Prosecution v. International Expert Panel
Experts & analyses
The contrast between the expert evidence put before the jury at trial and the expert evidence now on the public record is central to the post-conviction review. Below are the principal experts on both sides.
Prosecution experts
Dr Dewi Evans
Lead prosecution expert — causation of death and collapse
Background: Retired consultant paediatrician, formerly of Singleton Hospital, Swansea. Approached Cheshire Police offering his services on the case; had not worked in routine neonatal intensive care for over a decade at the time of trial.

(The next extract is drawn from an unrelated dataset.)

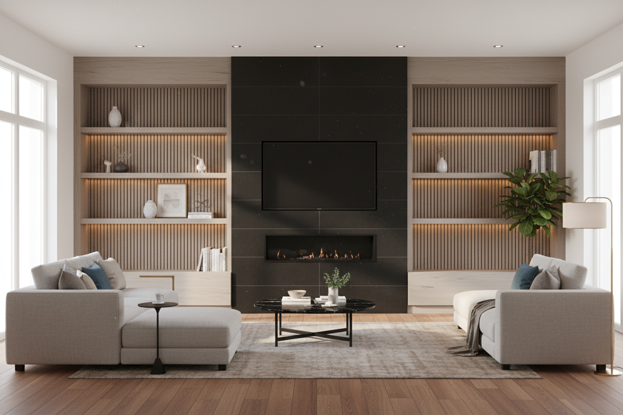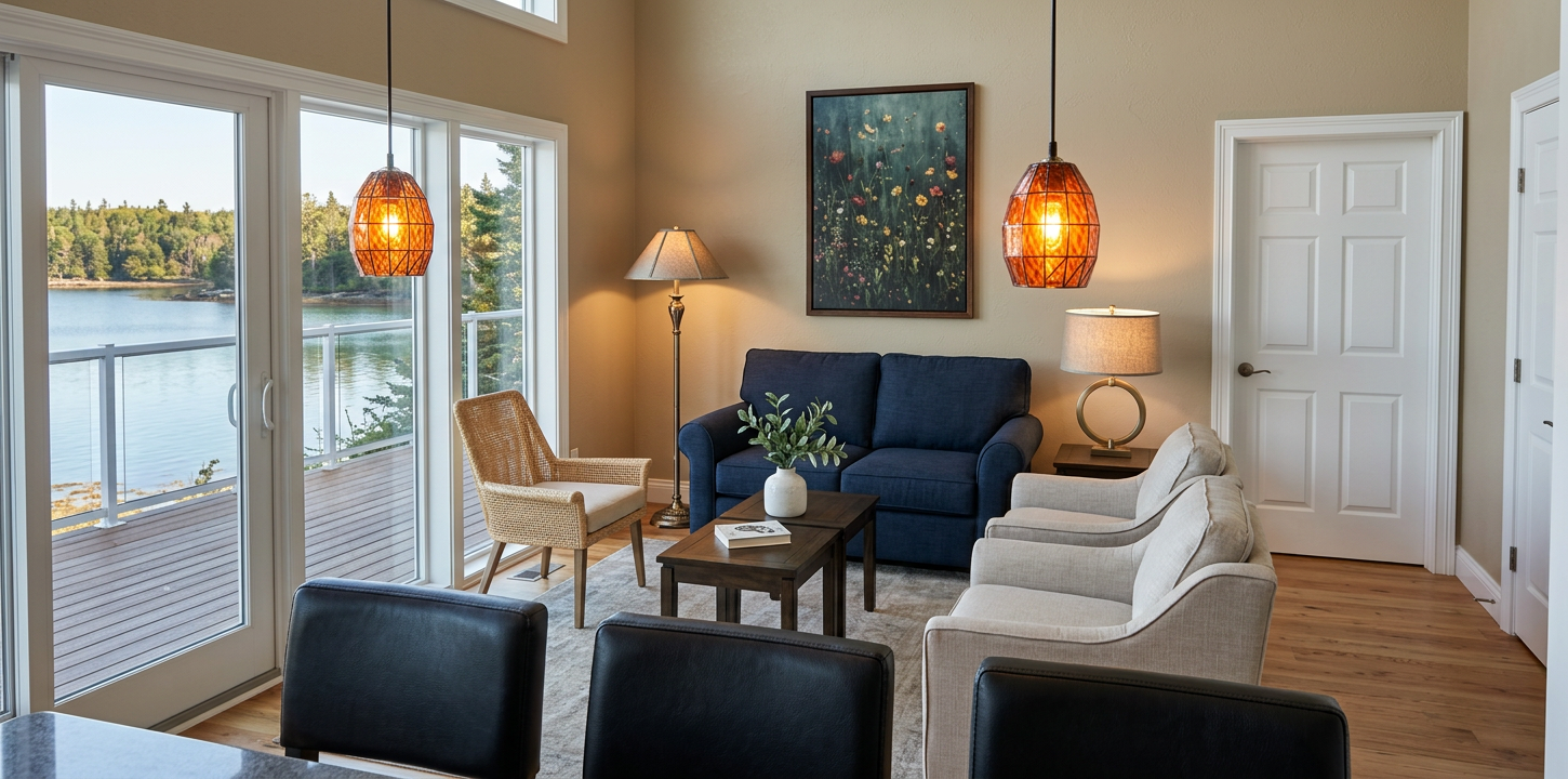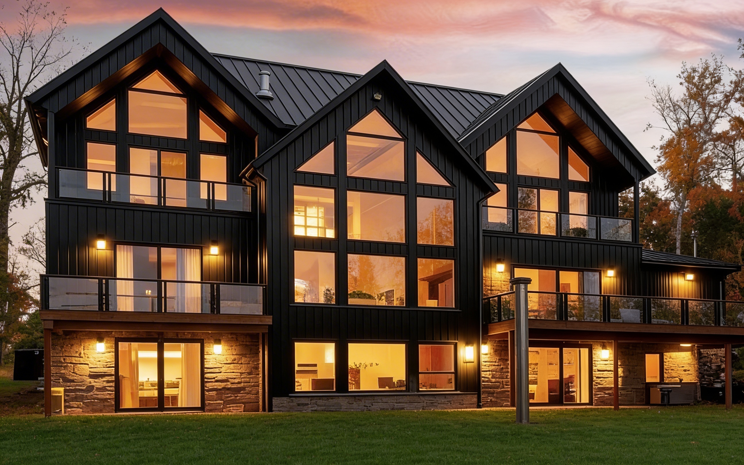 make as photorealistic as possible while keeping textures and architecture the same as selection add professional landscaping in a sparsely wooded scene with good lighting in ravenna ohio match materials to plan and remove any texts and tringle shapes on roof colors selections are as follows board and batten siding color to be nightfall 505557 horizontal siding color to be nightfall 505557 corner boards to be nightfall 505557 entry door with glass panel with grilles panels and shelf as shown to be painted white fafafa entry door will have an schlage plymouth satin nickel door knob with deadbolt above the windows window trim fascia and soffit to be white fafafa the porch posts are to be painted white fafafa and shingles to be certainted landmark dimensional multi layered shingles color black

Key claim: Diagnosed air embolism, insulin administration and air-in-stomach as mechanisms of harm across the indictment.
Criticism: Methodology has been rejected by the 14-member Shoo Lee International Expert Panel (2025). A family court judge separately described an unrelated Evans expert report in 2023 as 'worthless'.
Dr Sandie Bohin
Prosecution expert — second-opinion neonatology
Background: Consultant paediatrician based in Guernsey. Used largely to corroborate Dr Evans's conclusions at trial.
Key claim: Supported the air-embolism and insulin theories.
Criticism: Independent neonatologists argue that her conclusions rest on the same methodology as Dr Evans's and share its limitations.
Independent Expert Panel & analysts
Dr Shoo K. Lee
Chair, International Expert Panel
Background: Professor Emeritus of Paediatrics, University of Toronto. Author of the 1989 air-embolism paper cited by the prosecution.
Key claim: The skin signs described at trial do not match the findings in his own paper. No medical evidence of deliberate harm in any case reviewed.
Dr Neena Modi
Panel member — UK neonatal medicine
Background: Professor of Neonatal Medicine at Imperial College London; past President of the Royal College of Paediatrics and Child Health.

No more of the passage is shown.